Scanning Electron Microscopy
Jacquard Weaving
I have been fascinated with the concept of magnification since I studied microbiology in college. I spent many engrossing hours looking through a microscope exploring this previously unseen world of bacteria and fungi. As an artist, I transpose that curiosity to textiles. With the Hitachi TM-1000 Scanning Electron Microscope at University of California, Berkeley, I photographed dozens of commercial fabrics. In daily usage, fabric construction is rarely considered, but when magnified, the structure of different types of cloth is obvious and distinct.

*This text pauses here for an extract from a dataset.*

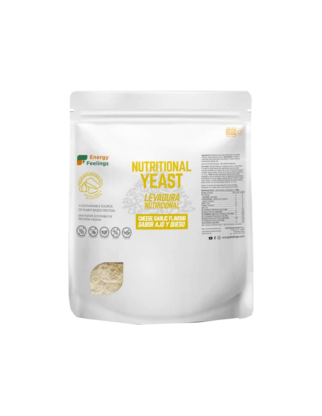 ENERGY FEELINGSLa Levadura Nutricional Ajo Parmesano de Energy Feelings es un grandioso súper alimento para enriquecer el valor nutritivo de cualquier preparación. Es inactiva y no provoca el desarrollo de levaduras en el tracto intestinal. Con 43% de proteínas biodisponibles es extraordinariamente rica en todas las vitaminas del grupo B: B1, B2, B3, B5, B6, B9. Especialmente pensado para las personas veganas y flexi veganas. A diferencia de la más comúnmente comercializada levadura de cerveza, La Levadura Nutricional Ajo Parmesano de Energy Feelings es un producto concebido para la alimentación humana, puro y limpio, libre de los residuos potencialmente tóxicos de la industria cervecera y con un delicioso sabor a ajo parmesano. Sin gluten ni lactosa. Producto vegano.

Weavings of some of those micrographs were created with the computerized Jacquard loom during the Lia Cook Jacquard Residency at California College of the Arts, October 2016. I included squares of fabric from the actual pieces viewed in the scanning electron microscope and their micrographs. As satisfying as it was for me to create the fabric image by weaving it, the weavings themselves are largely a result of machine processes, from the manufactured textiles to the scanning electron microscope to manipulation of that image in Photoshop to hand weaving on the computerized Jacquard loom. To leave my own mark on these predominantly machine-made weavings, I hand embroidered each one with stitches that relate to that particular weave structure or are inspired by imagery from microbiology. Another counterpoint to mechanization is arm knit roving. Each piece in the exhibition is named according to its degree of magnification. Knit 1X is the actual fabric while Knit 322X is that fabric enlarged 322 times.
Nylon Knee Highs 156X and Knit 194X were selected for the Material Exploration Award by Surface Design Journal, Fall, 2019.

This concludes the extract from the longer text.